Extracted data entries
╔══

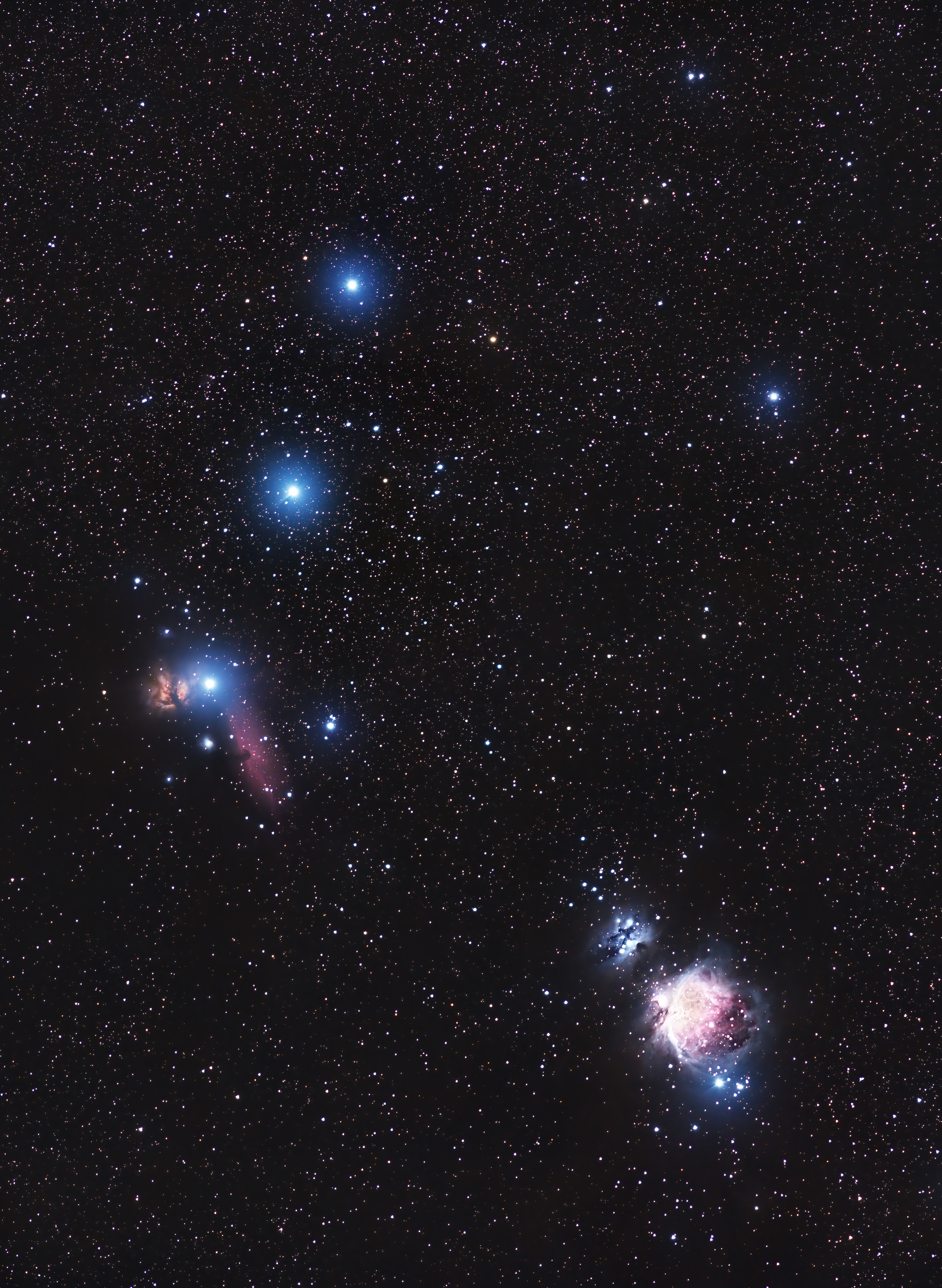 Orion-Gürtel, IC 405 Flaming-Star-Nebel, IC 434 Pferdekopfnebel, M42 Orionnebel. Ich wünsche allen ein gutes und gesundes neue Jahr und eröffne es mit einem der schönsten Objekte, das jetzt am Himmel steht.
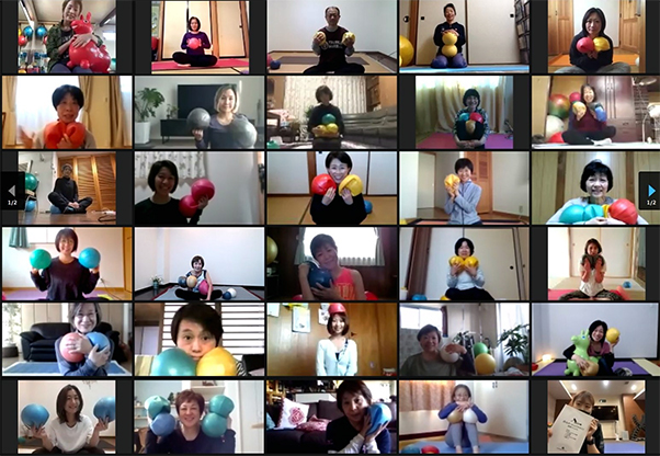 今日の「手関節と足関節」は身体の末端でありながら、とても重要な役割があるので、ボールでできるエクササイズバリエーションを動いて体感しました。また、ブレイクアウトルームでプレゼン練習やエクササイズ順序を考えました。
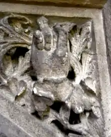 In about 1520,[16] at the end of his life, he built a fine chantry chapel as an addition to the Gaunt's Chapel in Bristol (today known as St Mark's Church, Bristol), to the east end of the south aisle, beyond the tower, known as the "Chapel of Jesus" or "Poyntz Chapel". It should be distinguished from the Poyntz manorial chapel in Iron Acton Church, the family's chapel as lords of the manor and patrons of the advowson. It is fan-vaulted, and has two niches of unknown use on the North wall.[17] The floor is covered with coloured Spanish tiles, probably from Seville and contemporaneous with the building.[18] The center boss of the vaulted ceiling comprises a shield displaying the arms of Poyntz impaling Woodville, representing his marriage. At the entrance to the chapel is sculpted in stone the canting crest of Poyntz, A hand clenched,[19] from the French poigne, "fist".[20]
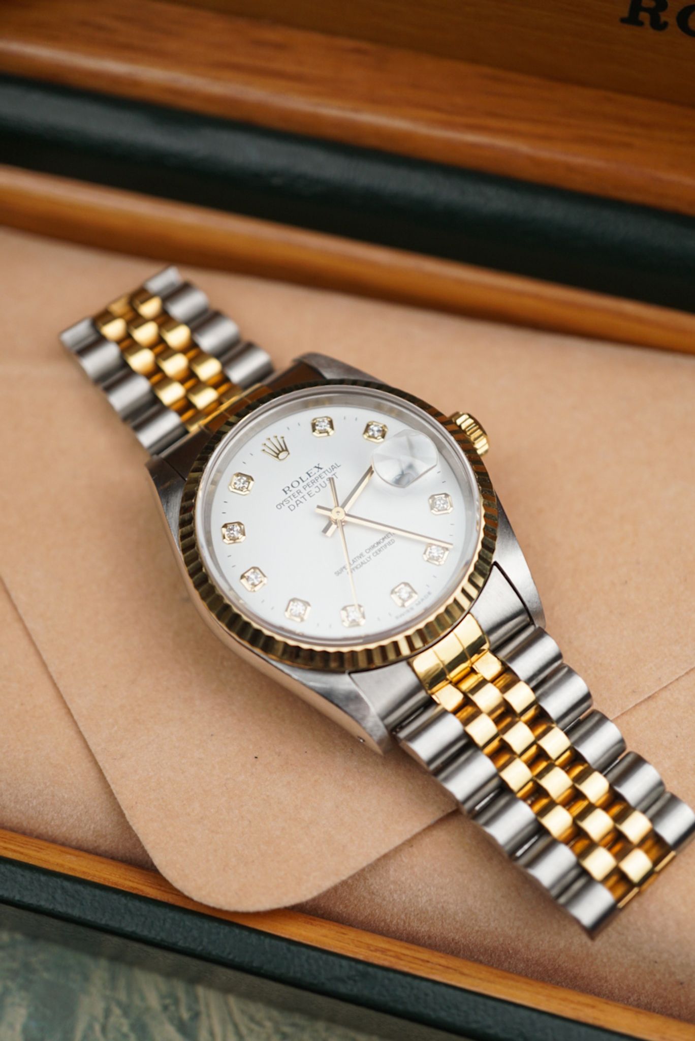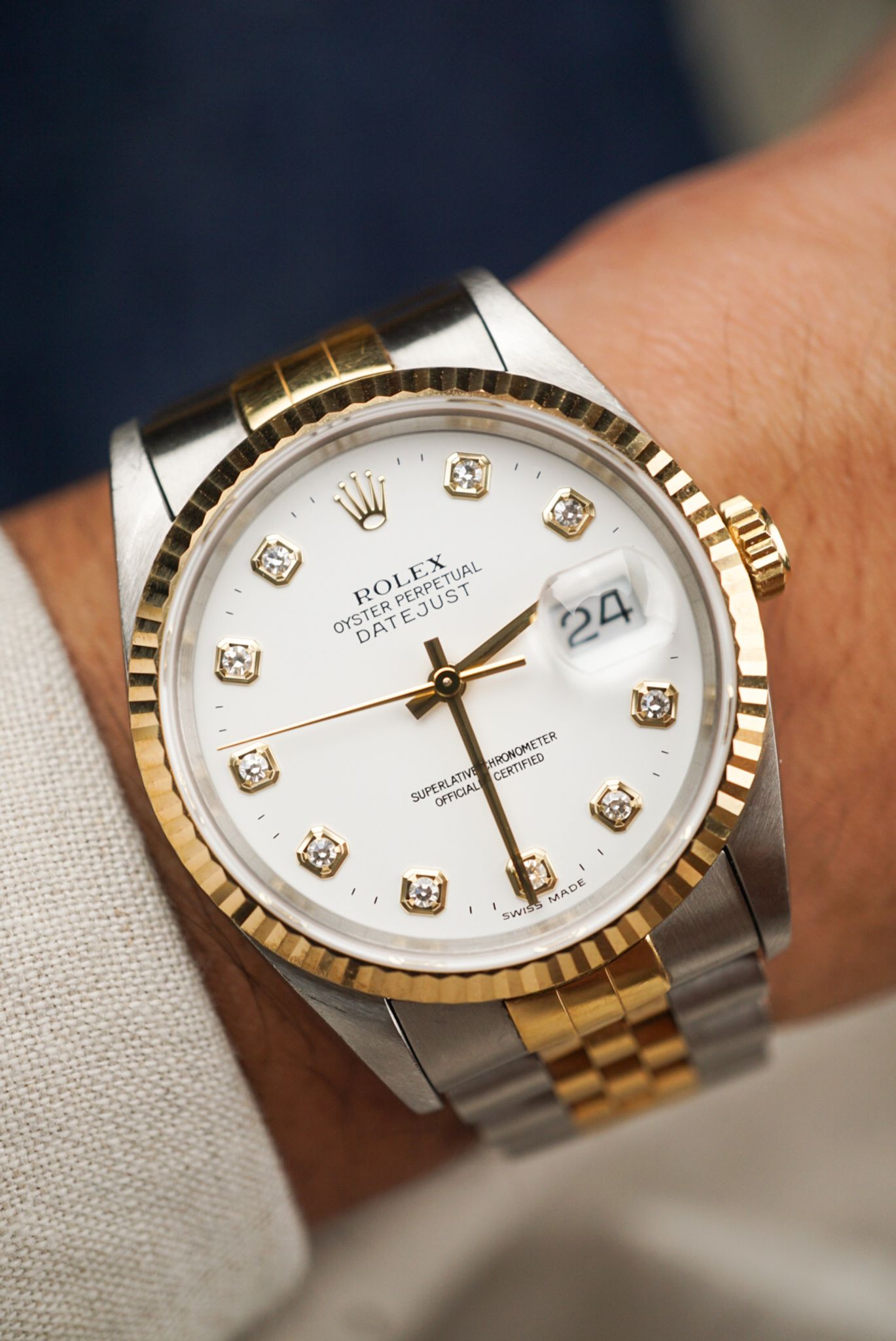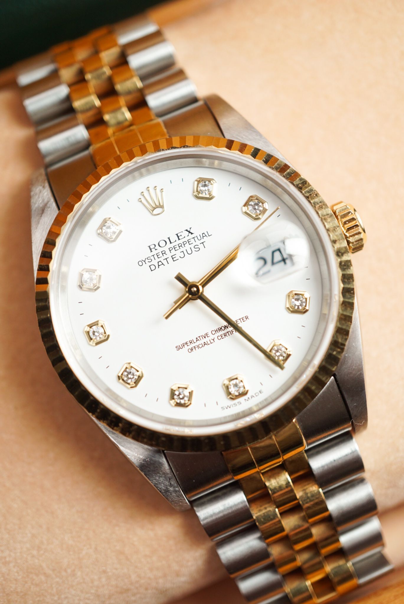 This piece is in outstanding condition, featuring a stunning white diamond dial and a warm rose gold tone on the bezel and bracelet. Now available!
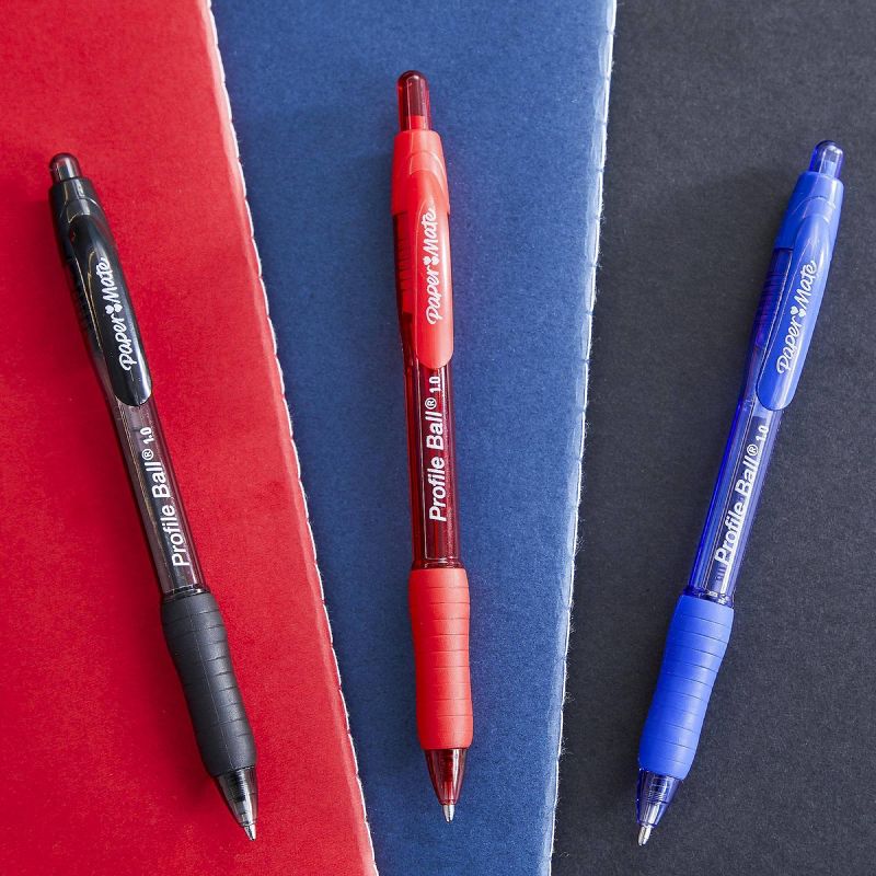 Make smooth, crisp lines with Paper Mate Profile ballpoint pens. These retractable pens now come in a 1.0mm tip, so you can write powerful lines that stand out on the page. Profile pens also include a soft grip for comfortable writing during any writing task and the bright ink create a powerful writing experience.

╚══

Exercise aim
What the answer must hold is the exact text of every line from the one containing "This piece is" through the end of the data, minus any pictures.

Solution for this task
 This piece is in outstanding condition, featuring a stunning white diamond dial and a warm rose gold tone on the bezel and bracelet. Now available!
 Make smooth, crisp lines with Paper Mate Profile ballpoint pens. These retractable pens now come in a 1.0mm tip, so you can write powerful lines that stand out on the page. Profile pens also include a soft grip for comfortable writing during any writing task and the bright ink create a powerful writing experience.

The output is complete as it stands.